Internal Structure #2: The Victims by Sharon Olds p.1006

In this poem, the child of a couple divorced, re-tells their feelings once their father is left with nothing. "When Mother divorced you, we were glad." This sets the tone of a bitter child with deep seeded daddy issues. Systematically the speaker lists the crumbling of their fathers life, after the divorce. First, the family, "kicked you (the father) out" and "Then you were fired, and we grinned inside." This twisted enjoyment the child feel, amplify when they think of how bad their "ex-father's" life is now.

Although this poem seems like one massive block of poetry, it is marked by structure with the reducing of the father's life. Starting with the mother kicking him out, then his divorce from his family and finally his firing from work. The layers of this unknown characters life are being peeled away, as the poem progresses. "Now I pass the bums in doorways...and I wonder who took it from them in silence until they had given it all away and had nothing left but this." Summing up the disintegration of their father's life, by relating it to a bum's empty life, shows the true emotional anger and hurt the child still feels. With the beginning of the poem being in the past, it ends with the child seemingly in present day and safely without their father.

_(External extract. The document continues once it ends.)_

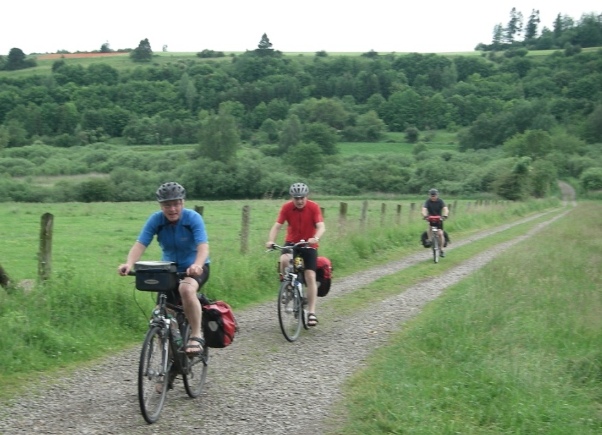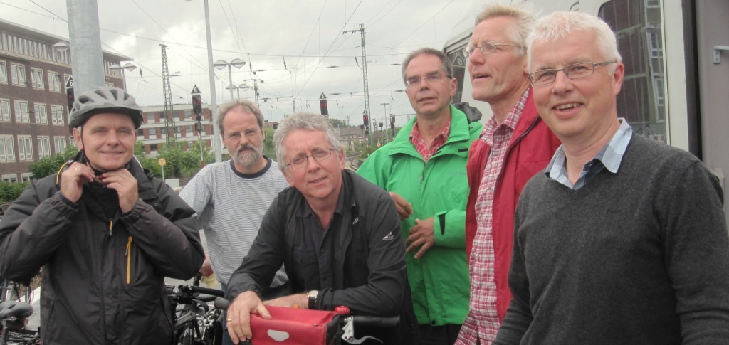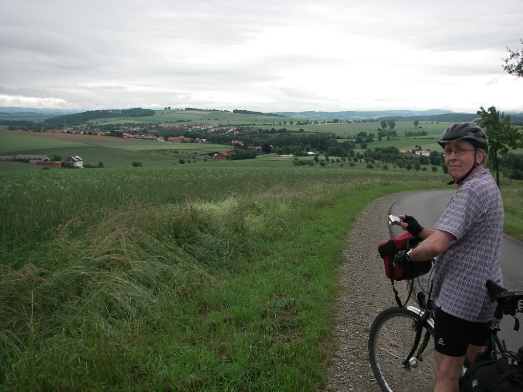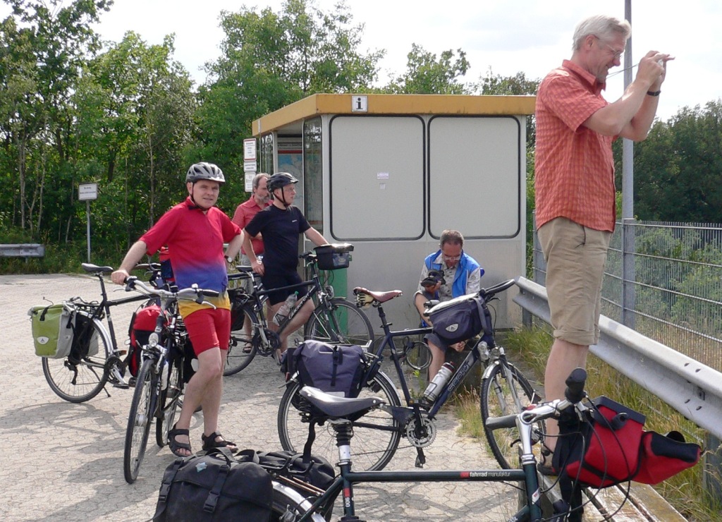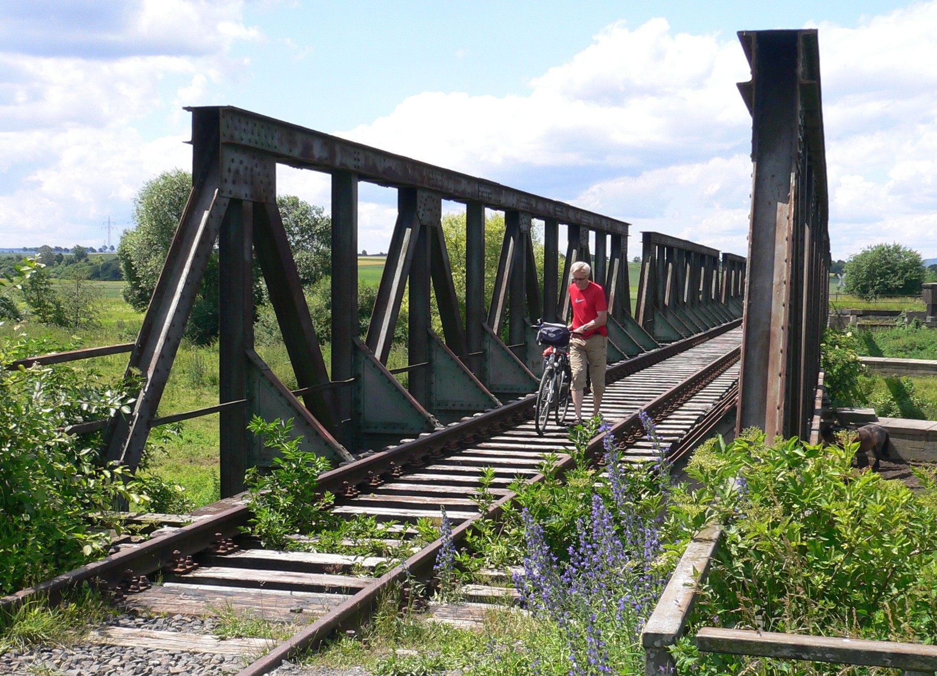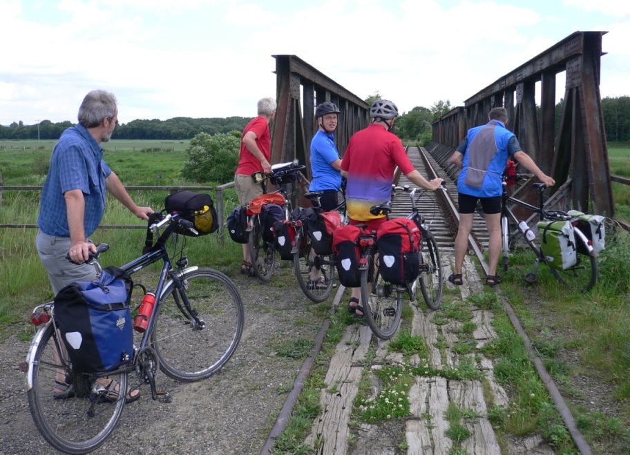 Ab Goslar fahren wir durchs Braunschweiger Land. Es ist stark landwirtschaftlich geprägt. Der hügelige Charakter verliert sich bis Braunschweig immer mehr. Die Ortschaften sind klein und unscheinbar: Jerstadt, Dörnten, Liebenburg, Gielde, Werlaburgdorf (Hier rasten wir vor der Dorfsparkasse), Börßum, Dorstadt, Ohrum. Lange noch sehen wir in der Rückschau allmählich den Harz mit dem alles überragenden Brocken verschwinden. Gleich hinter Werlaburgdorf wird es abenteuerlich. Wir müssen eine eigentlich gesperrte Eisenbahnbrücke über die Oker queren, ohne Sicherung von Schwelle zu Schwelle balancierend und dabei das Fahrrad halb tragend. Unter uns grasen Kühe. Karl kommt als letzter heil auf der anderen Seite an.
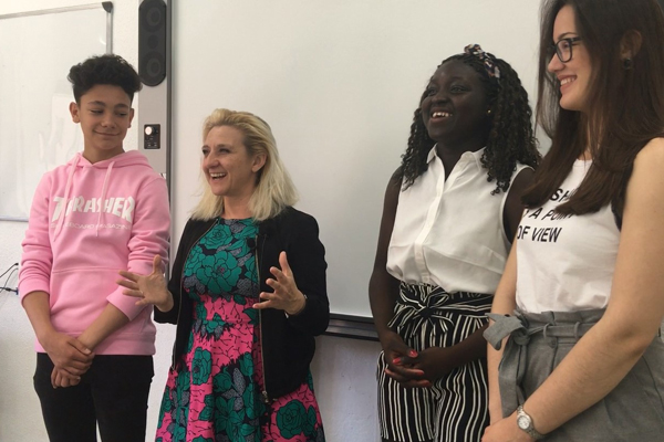 Los alumnos del IES Cardenal Cisneros junto a Coralia, su profesora de Lengua y Literatura en el centro.

Sharon Olds on her autobiographical poetry:
http://www.youtube.com/watch?v=J9jFc9UyAbE

4 comments:

Kasey said...

I blogged on this poem too. Except, I had a bit of a different view on the shift in the poem. I think that the end of the of poem is a contrasting view of the tone in the beginning. The speaker seems to feel regret for the way he/she treated his/her father, yet they cannot do anything about it. It is as if the speaker finally, as an adult, is able to realize that maybe the father wasn't as bad as he/she thought; it's a more adult, mature view, in the end.

Fig said...

After reading both posts, I agree with pieces of each. I think that Gaby's point about the structure being effective because it provides one layer at a time of the husband's life is a good one. I like the style of adding individial details together to form a larger whole. I agree with Kasey's point that the tone changes at the end, but I don't feel the regret that she does. I think the speaker is genuinely sad and frustrated that her father ended up being like this. The tone lightens but not towards regret.

Charlie said...

I think the ending represents an adult more mature narrator who has gone through life and now comes to an epiphany. It says "Now I" in the poem as to suggest a long lapse in time. Through his epiphany, the narrator realizes that his childhood reversal int he downfall of his father were unjustified. They, having been the victim, made their father the victim.

kerrym7 said...

I agree that the reader goes through an epiphany at the end of the poem. However, I do not think he/she regrets the way their father was kicked out. The father is compared to a "ship gone down with the lanterns lit", which shows that the father had everything going for him. Furthermore, the narrator wonders who "took it and took it from [the father and bums] in silence...until they had nothing left but this." The fact that the father is referred to as "nothing but this" shows the bitterness the narrator still possess.